The Russian visitors and familiar New York stars topped their own previous accomplishments, with the conductor Andrew Litton providing firm tempos and lustrous orchestral playing. New York City Ballet: Balanchine’s Jewels

— Alastair Macaulay, New York Times


In his second concert as principal guest conductor, Litton’s intent to connect with the SSO’s principal musicians and to share his love for great American music was evident and well appreciated. This concert reaffirms the sense that his partnership with the SSO is one that will bear great fruit for the future. Singapore Symphony Orchestra; Beethoven: Triple Concerto, Copland: Symphony No 3

— Mervin Beng, The Straits Times


The orchestra, led by Andrew Litton, played beautifully. Usually I carp at ballet orchestras, but under the direction of Mr. Litton, the orchestra has become one of the most distinguished in its field. New York City Ballet: Swan Lake

— Barnett Serchuk, Broadway World


Beyond the usual power and conviction that the SSO often brings in performance, Litton layered in polish, balance and much welcome nuances in dynamics and tempo.

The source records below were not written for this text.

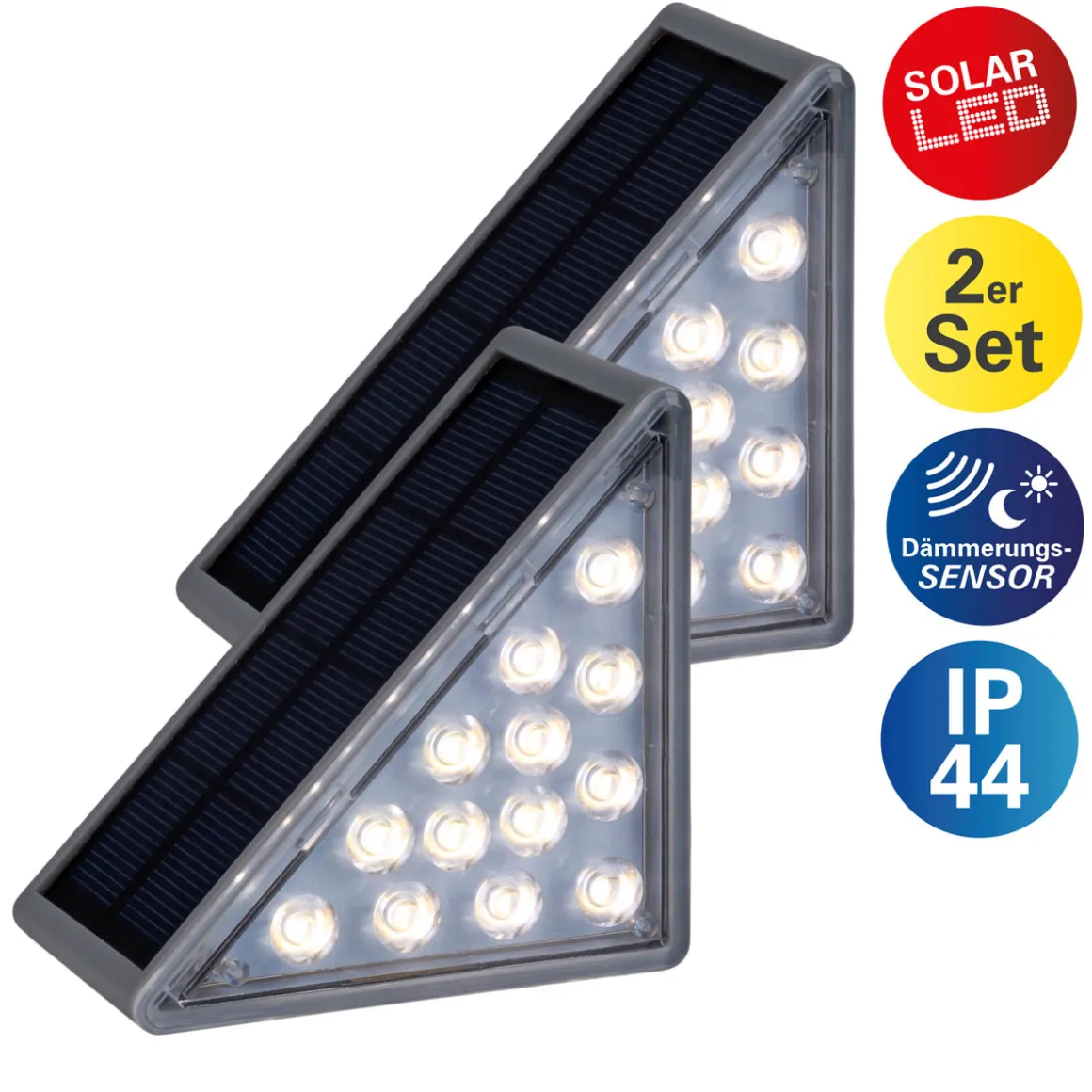 Mit der Solarleuchte SCALA setzen Sie wundervolle Akzente rund ums Haus. Diese Leuchte im Modern Style ist die optimale Wahl für alle, die es reduziert und dreieckig mögen. Die Solarleuchte aus Kunststoff ist eine elegante Beleuchtungsmöglichkeit für Ihr Zuhause. Sie ist in klassischem grau gehalten und kann somit universell eingesetzt werden. Die Maße betragen 11 cm x 5,2 cm x 6,2 cm. Solarleuchten sind die perfekte Lösung, um Ihren Garten oder Ihre Terrasse zu beleuchten. Diese hier ist mit einer LED Platine ausgestattet und sehr ansprechend gestaltet. Die Beleuchtung ist vollständig in das Design integriert. Dieses Produkt entspricht der Klasse 3 und der Schutzart IP44. Es bietet somit einen erhöhten Schutz vor Staub. Mit einer Batterie des Typs Ni-MH im AA Format und einer Akkukapazität von 800 mAh hat die Leuchte eine sehr lange Leuchtzeit. Die Außenleuchte verfügt über eine Gesamt-Lumenleistung von 6 und eine angenehme Lichttemperatur von 3000 Kelvin. Nie wieder im Dunkeln tappen: Der praktische Dämmerungssensor sorgt dafür, dass die Leuchte immer zur richtigen Zeit aktiv wird. Bei der Wahl der Solarleuchte treffen Sie eine gute Wahl. Sie werden lange Freude an der Leuchte haben und gleichzeitig von einer nachhaltigen und energiesparenden Beleuchtung profitieren.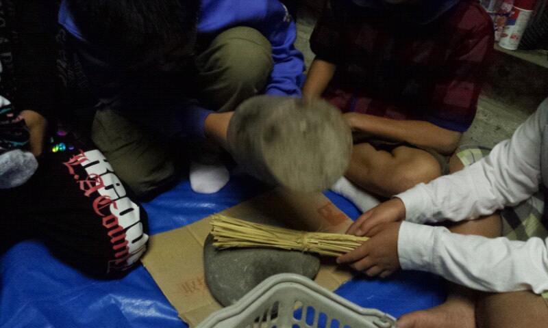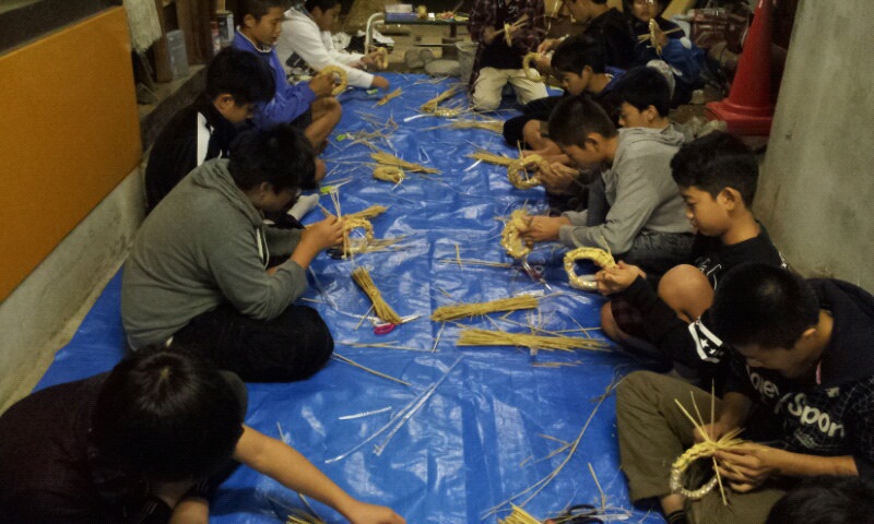 昨夜は各宿舎でわら細工、なべ敷き作りです。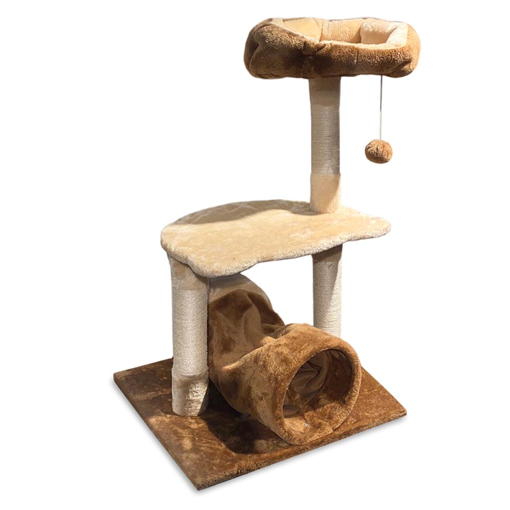 מתקן גירוד לחתול LZ0147 שלוש קומות עמודי גירוד מנהרה כדור מרופד למשחק מיטה מפנקת מומלץ לחתולים בוגרים וגורים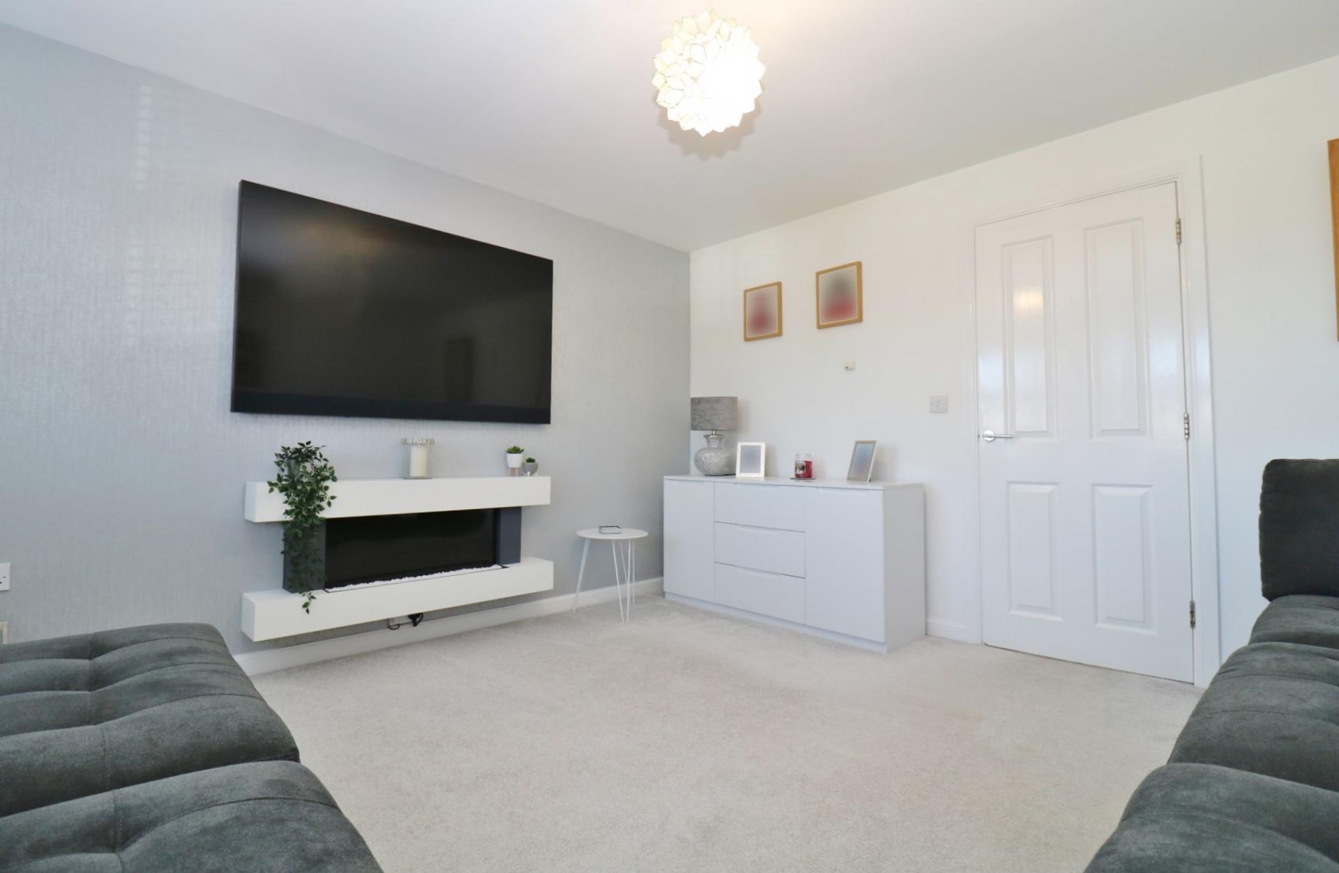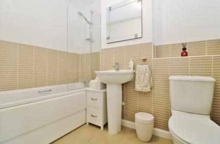 On the first floor, the good size lounge/additional bedroom has two windows to the front aspect, whilst to the rear there is a double bedroom with fitted wardrobes and storage. The modern family bathroom comprises a panel enclosed bath with shower over, wash hand basin and WC.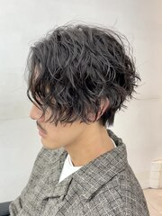 マッシュスタイルのシルエットを保ちながらも、動きをプラスできるのが魅力。重たく見えがちなマッシュも、波巻きパーマをかけることで自然な軽さと抜け感が生まれます。スタイリングも、ワックスやオイルをなじませるだけでサロン帰りのような質感に。朝のセットが圧倒的に楽になるのも人気の理由です。

If this concert is anything to go by, Litton should be on track for a long and happy partnership with the SSO. Singapore Symphony Orchestra: October/Bartok/Tchaikovsky

— Mervin Beng,


It was, ultimately, Litton’s and the players’ evening. Salome is an enormously complex and demanding score, boasting a gloriously lugubrious heckelphone, semi-crazed xylophone writing, and everything in between. Litton owned the opera’s sweep and architecture, and at the conclusion of a long, arduous season the Minnesota Orchestra honored his 15 years’ service with playing of thrilling commitment and viscerality. He will be a hard act to follow, whatever shape the orchestra’s summer programming (currently under discussion) takes in the future. Sommerfest; Strauss: Salome

— Terry Blain, StarTribune


The New York City Ballet orchestra, under the baton of Andrew Litton, has held up its side of the bargain. Seldom have I heard it play with such focused intensity, such assurance, and such clarity among the individual players, especially true in the chamber-music-like moments in the Fauré. Litton’s interpretation here is infused with a sense of wonder, even rapture. New York City Ballet: Emeralds

— Marina Harss, DanceTabs


Andrew Litton, Tuesday’s conductor and the company’s music director, isn’t invariably a natural accompanist. Mr. Litton keeps raising the City Ballet’s orchestral playing. Dance and music meet as shining equals. New York City Ballet; Allegro Brillante, Four Temperaments, Symphony in C

— Alastair Macaulay, New York Times


This is a perfect disc. This performance has passion, color, and drive aplenty. Prokofiev often indulges a deliberate simplicity, and Litton takes him at his word, never for a moment lapsing into artifice or affectation. A wonderful release.  Bergen Philharmonic; Prokofiev Symphonies No. 4 & 7

— David Hurwitz,


Wait till you hear the combination of Litton’s clear thinking and perfect pacing and the orchestra’s razor-sharp response . . . it reminds you why this Litton-Prokofiev cycle has been such a consistent pleasure. Bergen Philharmonic; Prokofiev Symphonies No. 4 & 7

— David Nice, BBC Radio 3


Litton’s mastery shows in the immediate contrasts of broad, epic opening and razor-sharp Allegro mechanics. He never rushes, and allows the theatrical contrasts to speak for themselves. Bergen Philharmonic; Prokofiev Symphonies No. 4 & 7

— David Nice, BBC Music Magazine


New York City Ballet’s four-week fall season has belonged primarily to its music director, Andrew Litton…familiar scores have returned with new immediacy. Details of orchestral phrasing have registered keenly, with a wealth of color; he gives many scores a strong pulse. For years, the best orchestral playing in American ballet has belonged outside New York; but this may well now be changing.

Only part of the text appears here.